Blight Resistance: It's in the DNA
Rebecca Hirsch | The Journal of the American Chestnut Foundation, May/June 2012
© 2012 Rebecca Hirsch
Why do American chestnut trees die from chestnut blight while Chinese chestnuts handily fight off Cryphonectria parasitica? Scientists are looking for answers to that question in the chestnut's DNA. In work supported by TACF and the Forest Health Initiative, teams of researchers from the US Forest Service, The Pennsylvania State University, University of Georgia, Clemson University, and SUNY College of Environmental Science and Forestry are working to map and sequence the chestnut's genome and identify the genes that contribute to blight resistance. What they learn will aid in the effort to restore the American chestnut to the forest ecosystem.
On the Trail of Resistance
A chestnut tree's genome—its complete set of genes—is housed in an ensemble of 12 chromosomes which together hold the instructions to make and operate the tree. Unravel one of the chromosomes and you will find long strands of DNA made of four repeating units called bases. The bases come in pairs: one strand of bases paired with another strand, forming a double helix. It is the order of the bases that determines the meaning of the genetic instructions, and physical differences between the Chinese and American chestnut trees—in traits like height, leaf shape, and the ability to fight off pathogens—can be traced back to differences in the DNA.
Studying the genome of an organism is no small task. The chestnut's genome is immense. The best estimate is that it contains, give or take, 800 million base pairs.
Genetic mapping is a way for scientists to negotiate this landscape. Researchers identify markers that act as mileposts along the chromosomes. The markers can be snippets of DNA or unique sequences of bases. Putting the markers together to create a map of the genome serves a number of useful purposes. A map gives researchers a way to compare chestnut to related species like beeches, oaks, and other forest trees. It serves as a jumping off point for sequencing the chestnut's genome, determining the exact order of those 800 million or so base pairs. And it can reveal the location of genes that control certain traits such as blight resistance.
Scientists have now pieced together a detailed map of Chinese chestnut (specifically, Castanea mollissima cv ‘Vanuxem’) and have identified genes for blight resistance in four regions on the chromosomes. These four regions, called loci, are spots where genes for blight resistance reside. Researchers are now zeroing in on the four loci, sequencing the DNA in each region in an effort to find the genes that contribute to blight resistance. The loci contains hundreds of genes—the large majority of which have nothing do with resistance—which means that scientists must use detective work to narrow down the search.

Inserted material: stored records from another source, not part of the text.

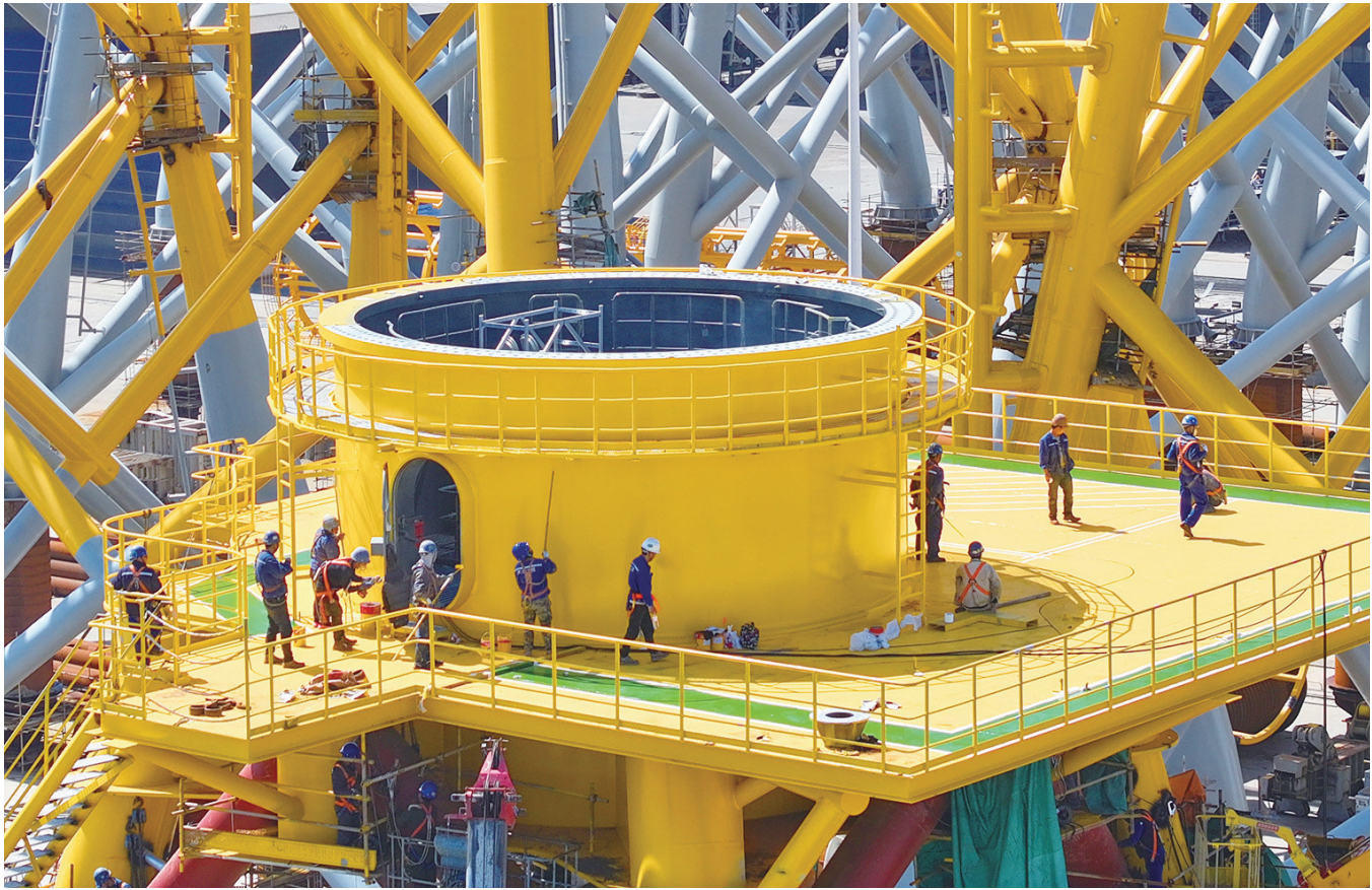
昨天，工人在通州湾高端装备临港产业园一家企业导管架上忙碌。眼下，通州湾高端装备临港产业园投产企业生产繁忙。据悉，该产业园重点布局海工装备、新能源装备等大型临港装备制造项目，已落户总投资超420亿元的22个项目，达产后预计实现年产值约530亿元。

本报讯（记者吴霄云）4月15日，被誉为“中国外贸晴雨表”的第137届中国进出口商品交易会（广交会）在广州开幕。记者从市商务局了解到，本届展会南通市参展规模继续保持历史高位，首期即组织125家优质企业、180个展位组成“南通方阵”，以智能化、绿色化产品矩阵亮相，全力抢滩全球市场。 从布展情况来看，南通参展企业呈现出三大亮点：一是展品结构显著升级，五金工具、智能家电、电子消费品等中高端制造产品占比超七成，集中展示南通制造业的技术创新成果；二是市场布局更加多元，企业普遍将东南亚、中东等“一带一路”新兴市场作为重点，积极拓展国际市场版图；三是创新元素突出，多家企业携新产品、新材料、新工艺登场，展示南通制造智能化、品质化、绿色化新趋势。 据悉，本届广交会采用“线上线下融合”的新模式，线下展分三期举办至5月5日。南通参展企业达406家次，展位总数645个，品牌展位168个，其中200多家企业将亮相二期、三期展会，重点展示家纺、服装等传统优势产业的最新产品和创新实力，并利用广交会平台寻找新市场、拓展新渠道。
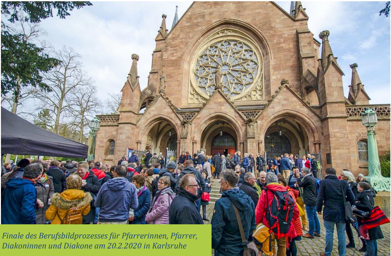
Finale des Berufsbildprozesses für Pfarrerinnen, Pfarrer, Diakoninnen und Diakone am 20.2.2020 in Karlsruhe

Wir finden, die Arbeit von Pfarrerinnen und Pfarrern, Diakoninnen und Diakonen ist weit mehr als Bürokratie.
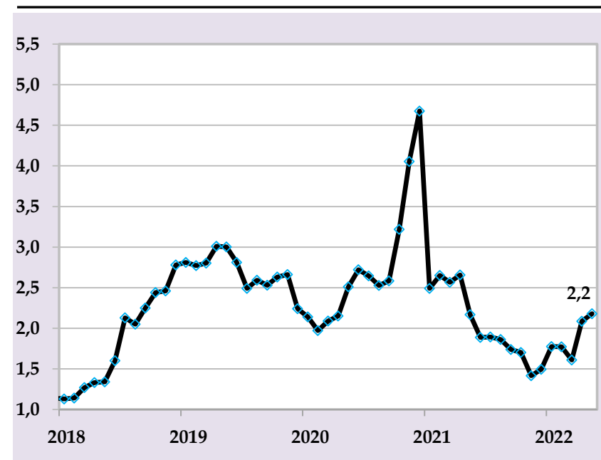
Таварруми аслии солона, бо %
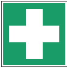
Eerste hulp ISO CODE: E003
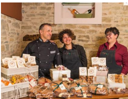
Pasticceria Gelateria Nocciolarte
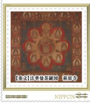
【重文】法華曼荼羅図 萩原寺
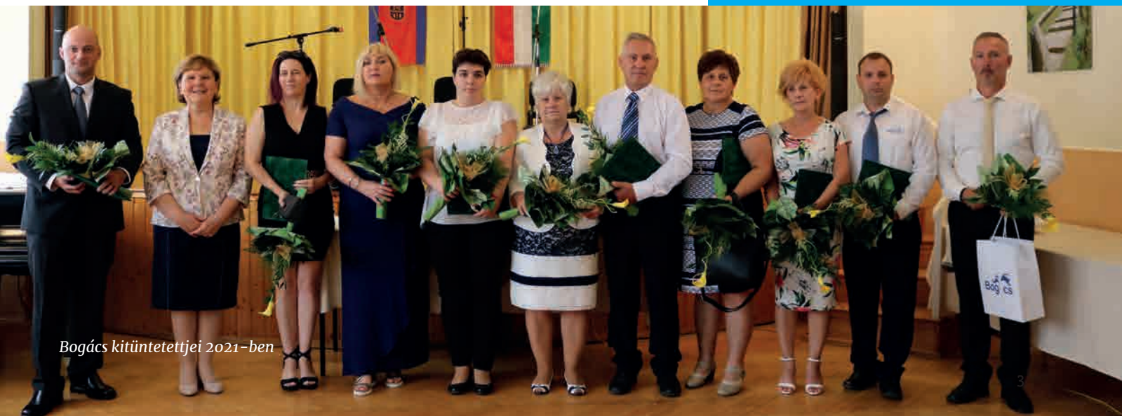
Bogács kitüntetettjei 2021-ben

Köszönjük szépen áldozatos tevékenységüket! A további munkájukhoz jó egészséget és kitartást kívánunk!
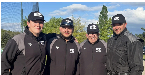
Les 4 arbitres français assignés lors de cette compétition

Les échanges avec les UIC (Umpire in Chief) ont permis de pérenniser la présence sur les années à venir sur cette compétition. Cette démarche permettra de pouvoir tester à l'international les nouveaux prospects de l'arbitrage de nos disciplines.

One clue researchers look for in finding a gene for blight resistance is evidence that the gene is turned on in blight cankers. Scientists have screened cankers in American and Chinese chestnut trees to determine which genes are active. They are particularly interested in genes that are turned on at high levels in the Chinese tree but are present only at low levels in the American tree. Such a pattern makes a gene a candidate for blight resistance.
Another clue researchers look for: genes that are similar to disease resistance genes from other plants. Scientists studying the blight resistance loci have noticed similarities to loci in peach that contain genes for disease resistance. The peach genes help fight powdery mildew, another fungal disease. Such similarities can greatly aid in identifying the genes that encode resistance in chestnut.
Testing Resistance
Once researchers have identified likely candidate genes for blight resistance, they can perform a direct and powerful test of each gene's function by adding the gene to an American chestnut tree and testing whether the added gene offers the tree any additional resistance to the blight. This approach allows researchers to directly answer the question; does this gene confer resistance to the blight?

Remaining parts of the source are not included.